- [PROBLEM DESCRIPTION]: Set each entry down verbatim, omitting images.

- [Recorded data]:
= = = = = = =
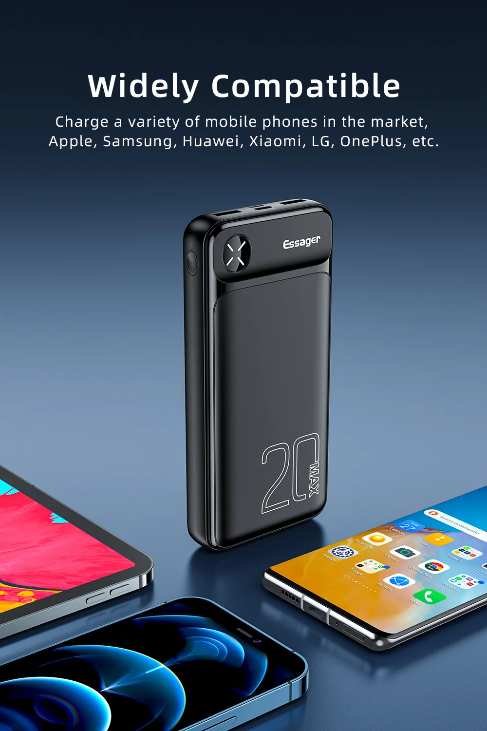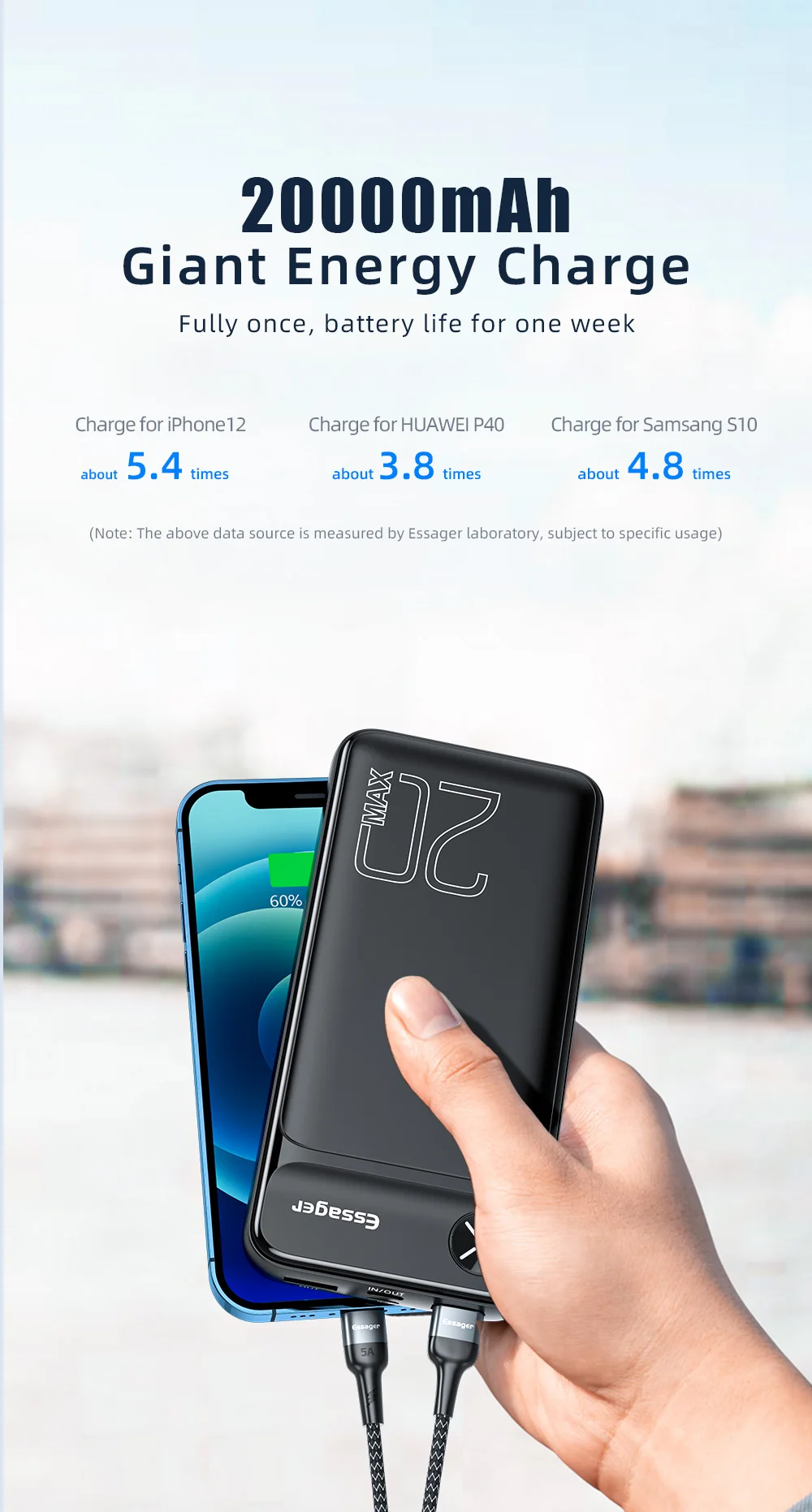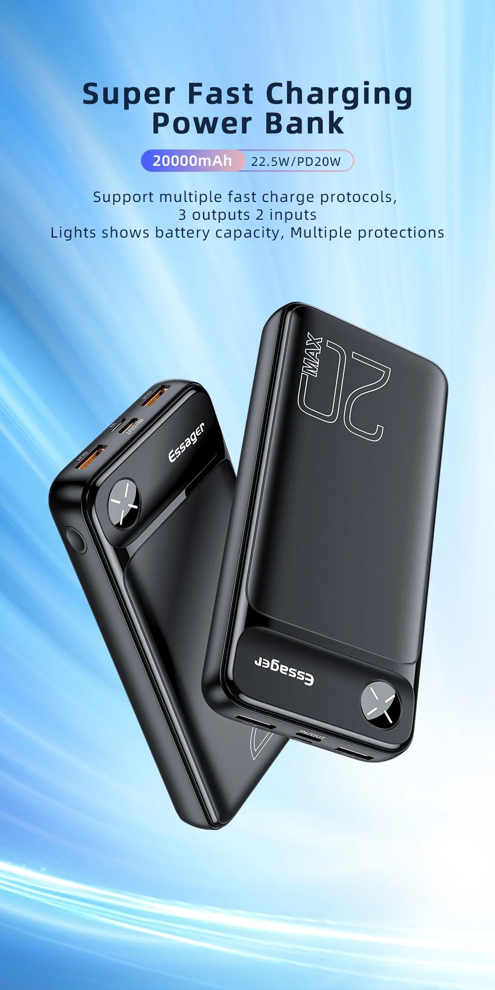 Внешний аккумулятор Essager на 20 Вт с поддержкой быстрой зарядки, 20000 мАч
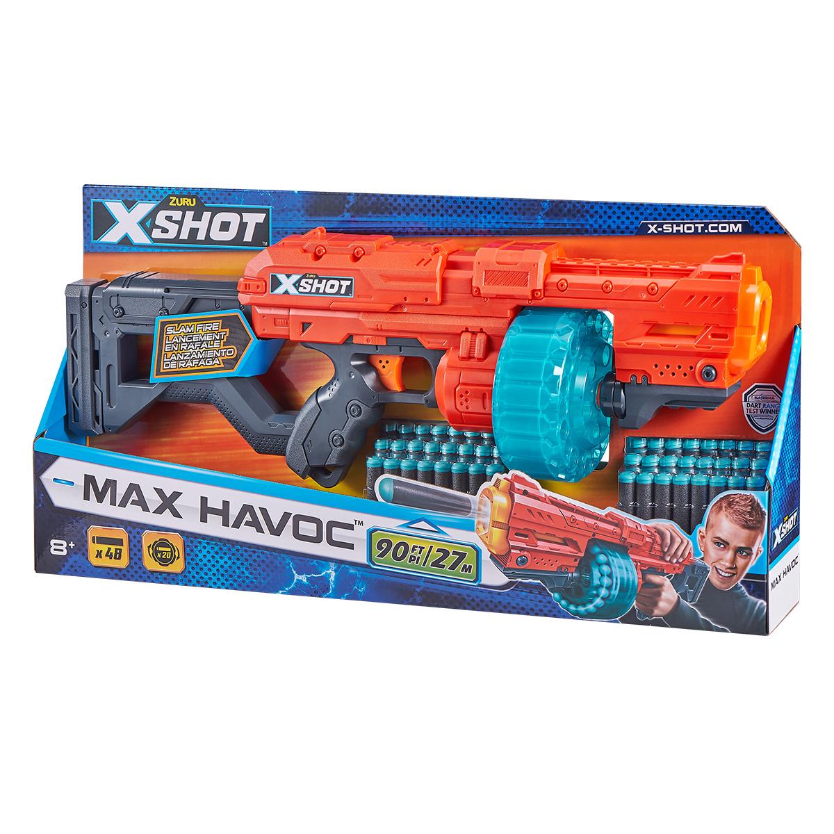 O novo lançador X-Shot Max Havoc é o que todo fã de lançadores sonhou! Este lançador é perfeito para divertidas aventuras! Ele tem a função de disparo único e um tambor giratório com capacidade de 20 dardos que alcança até 27 metros de distância com alta precisão! E quando a disputa ficar intensa, é só liberar o tambor rotativo com o seu mecanismo Slam Fire e derrotar o seu oponente! Com o lançador X-Shot Max Havoc a brincadeira vai ficar muito mais emocionante! Acompanha 48 dardos de espuma. Lançador compatível com os principais dardos do mercado.Resumindo:• O novo lançador X-Shot Max Havoc é o que todo fã de lançadores sonhou!• Este lançador é perfeito para divertidas aventuras!• Ele tem a função de disparo único e um tambor giratório com capacidade de 20 dardos que alcança até 27 metros de distância e alta precisão!• E quando a disputa ficar intensa, é só liberar o tambor rotativo com o seu mecanismo Slam Fire e derrotar o seu oponente!• Com o lançador X-Shot Max Havoc a brincadeira vai ficar muito mais emocionante!• Acompanha 48 dardos de espuma. O lançador compatível com os principais dardos do mercado.
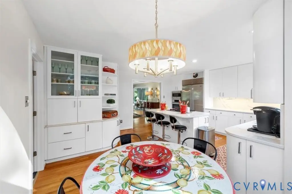 Welcome to this stunning Transitional home built by Mike Dumont, a unique gem nestled in a serene, tree-lined setting within a highly desirable neighborhood. The home's exterior features a harmonious blend of timeless brick accents, modern siding, and manufactured slate roof framed by manicured landscaping and vibrant crepe myrtle trees, creating exceptional curb appeal. Inside, you will find bright, open living spaces with soaring ceilings, expansive windows, and gleaming hardwood floors that set a warm and inviting tone. The main living areas boast two elegant fireplaces, perfect for both gatherings and quiet evenings. Multiple sitting rooms offer flexibility for entertaining or relaxing. The spacious kitchen, equipped with top-of-the-line Wolfe, Bosch, and Sub-Zero appliances, is seamlessly connected to both formal and casual living areas, and is complemented by a stylish wet bar for hosting. Oversized Anderson casement windows throughout provide abundant natural light and views of the private backyard oasis. Outdoor living is equally impressive, featuring a lush lawn and landscaped walkways leading to the welcoming front entry. This home, with its unique blend of comfort, elegance, and functionality, presents an exceptional opportunity to own a beautifully maintained property in a highly desirable neighborhood.
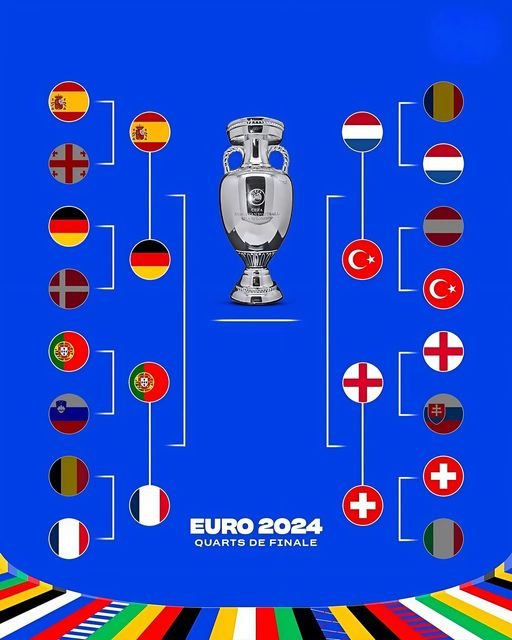 L’Espagne, l’Allemagne, le Portugal, la France, l’Angleterre, la Suisse, les Pays-Bas et la Turquie sont les sélections qui ont validé leurs tickets pour les quarts de finale de l’Euro 2024.
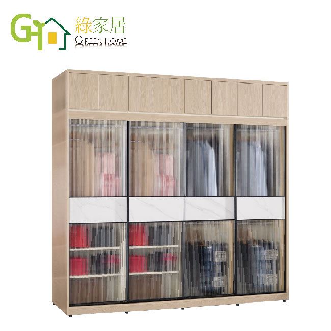 【綠家居】維爾岩板8.1尺鋁框玻璃加高衣櫃組合(吊衣桿x6+內多分層格)
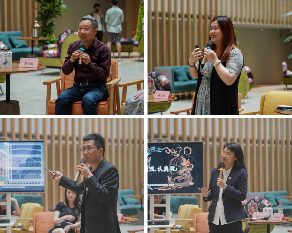 中国传媒大学动画与数字艺术学院院长黄心渊、游戏系系主任张兆弓、中国传媒大学设计思维学院院长税琳琳、英雄体育VSPN高级制作人张雨晨在现场进行分享
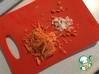 На терке натираем морковку и нарезаем чеснок |
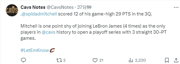 本场比赛,米切尔的手感火热,在前三节比赛中他就已经拿到了29分,距离比肩詹姆斯仅差1分。第四节比赛结束前8分7秒,米切尔中投得手,随后又三分远投命中,接着助攻斯特鲁斯三分再中,在自己完成里程碑的同时,也打停了步行者队,基本杀死了比赛悬念。暂停过后,米切尔继续砍分,很快让自己的得分突破40+,这是他职业生涯第7次在季后赛中单场砍下40+,也是他连续两场在季后赛中砍下40+。
= = = = = = =
- [ANSWER BELOW]:
 Внешний аккумулятор Essager на 20 Вт с поддержкой быстрой зарядки, 20000 мАч
 O novo lançador X-Shot Max Havoc é o que todo fã de lançadores sonhou! Este lançador é perfeito para divertidas aventuras! Ele tem a função de disparo único e um tambor giratório com capacidade de 20 dardos que alcança até 27 metros de distância com alta precisão! E quando a disputa ficar intensa, é só liberar o tambor rotativo com o seu mecanismo Slam Fire e derrotar o seu oponente! Com o lançador X-Shot Max Havoc a brincadeira vai ficar muito mais emocionante! Acompanha 48 dardos de espuma. Lançador compatível com os principais dardos do mercado.Resumindo:• O novo lançador X-Shot Max Havoc é o que todo fã de lançadores sonhou!• Este lançador é perfeito para divertidas aventuras!• Ele tem a função de disparo único e um tambor giratório com capacidade de 20 dardos que alcança até 27 metros de distância e alta precisão!• E quando a disputa ficar intensa, é só liberar o tambor rotativo com o seu mecanismo Slam Fire e derrotar o seu oponente!• Com o lançador X-Shot Max Havoc a brincadeira vai ficar muito mais emocionante!• Acompanha 48 dardos de espuma. O lançador compatível com os principais dardos do mercado.
 Welcome to this stunning Transitional home built by Mike Dumont, a unique gem nestled in a serene, tree-lined setting within a highly desirable neighborhood. The home's exterior features a harmonious blend of timeless brick accents, modern siding, and manufactured slate roof framed by manicured landscaping and vibrant crepe myrtle trees, creating exceptional curb appeal. Inside, you will find bright, open living spaces with soaring ceilings, expansive windows, and gleaming hardwood floors that set a warm and inviting tone. The main living areas boast two elegant fireplaces, perfect for both gatherings and quiet evenings. Multiple sitting rooms offer flexibility for entertaining or relaxing. The spacious kitchen, equipped with top-of-the-line Wolfe, Bosch, and Sub-Zero appliances, is seamlessly connected to both formal and casual living areas, and is complemented by a stylish wet bar for hosting. Oversized Anderson casement windows throughout provide abundant natural light and views of the private backyard oasis. Outdoor living is equally impressive, featuring a lush lawn and landscaped walkways leading to the welcoming front entry. This home, with its unique blend of comfort, elegance, and functionality, presents an exceptional opportunity to own a beautifully maintained property in a highly desirable neighborhood.
 L’Espagne, l’Allemagne, le Portugal, la France, l’Angleterre, la Suisse, les Pays-Bas et la Turquie sont les sélections qui ont validé leurs tickets pour les quarts de finale de l’Euro 2024.
 【綠家居】維爾岩板8.1尺鋁框玻璃加高衣櫃組合(吊衣桿x6+內多分層格)
 中国传媒大学动画与数字艺术学院院长黄心渊、游戏系系主任张兆弓、中国传媒大学设计思维学院院长税琳琳、英雄体育VSPN高级制作人张雨晨在现场进行分享
 На терке натираем морковку и нарезаем чеснок |
 本场比赛,米切尔的手感火热,在前三节比赛中他就已经拿到了29分,距离比肩詹姆斯仅差1分。第四节比赛结束前8分7秒,米切尔中投得手,随后又三分远投命中,接着助攻斯特鲁斯三分再中,在自己完成里程碑的同时,也打停了步行者队,基本杀死了比赛悬念。暂停过后,米切尔继续砍分,很快让自己的得分突破40+,这是他职业生涯第7次在季后赛中单场砍下40+,也是他连续两场在季后赛中砍下40+。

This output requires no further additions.